Data records:
• • •

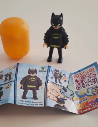Sorpresa Kinder con figura Playmobil DC Comics del 2025. - Figura de Batgirl. - Incluye capa negra. - Folleto de instrucciones.
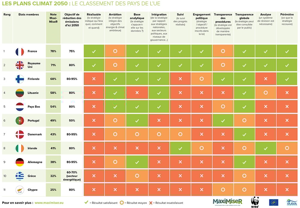 La stratégie nationale bas-carbone de la France, qui est légalement contrainte, est notamment saluée par l’étude pour l’engament politique dont elle a fait l’objet, avec la loi de transition énergétique adoptée à l’été 2015 et les dispositifs associés. Le niveau d’ambition et la transparence des procédures pourraient toutefois être améliorés selon WWF. A l’occasion de la publication de ce rapport, Pascal Canfin, directeur général du WWF France, a par ailleurs souligné « le retard important que la France accuse dans le domaine des énergies renouvelable » par rapport à ses voisins européens(1).
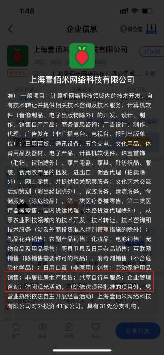 叮咚买菜则试图打破单一的客群限制,准备从其他领域获得更大的上行空间。据爱企查数据显示,叮咚买菜运营主体上海壹佰米网络科技有限公司,其经营范围新增共享自行车服务,企业管理咨询和休闲观光活动等,公司注册资本也由35亿元增至80亿元,同比增长128.6%。
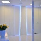 - Таванът или, както ги наричат, надземни LED лампи или “таблетна” лампа ще бъде добро решение за окачени или модулни тавани. Те също имат доста висок индекс на осветеност, а много модели имат ръчен контрол на яркостта. Допълнително предимство на този тип е, че има стени по поръчка, които са по-дълги отстрани, както и защитен екран, който ви позволява да изключите отблясъците на мониторите..
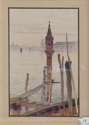 Vue portuaire, crayon et aquarelle sur papier, signé, 21,5x15 cm
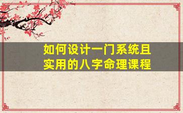 设计一门系统且实用的八字命理课程,需要兼顾传统理论的深度、现代学习的逻辑性,以及实际应用的落地性。以下是一个分步骤的框架设计建议,供参考:

• • •

With the pictures left out, copy exactly the lines from the line holding "Vue portuaire, crayon" through the final line of the records, including both.

_Output below:_
 Vue portuaire, crayon et aquarelle sur papier, signé, 21,5x15 cm
 设计一门系统且实用的八字命理课程,需要兼顾传统理论的深度、现代学习的逻辑性,以及实际应用的落地性。以下是一个分步骤的框架设计建议,供参考:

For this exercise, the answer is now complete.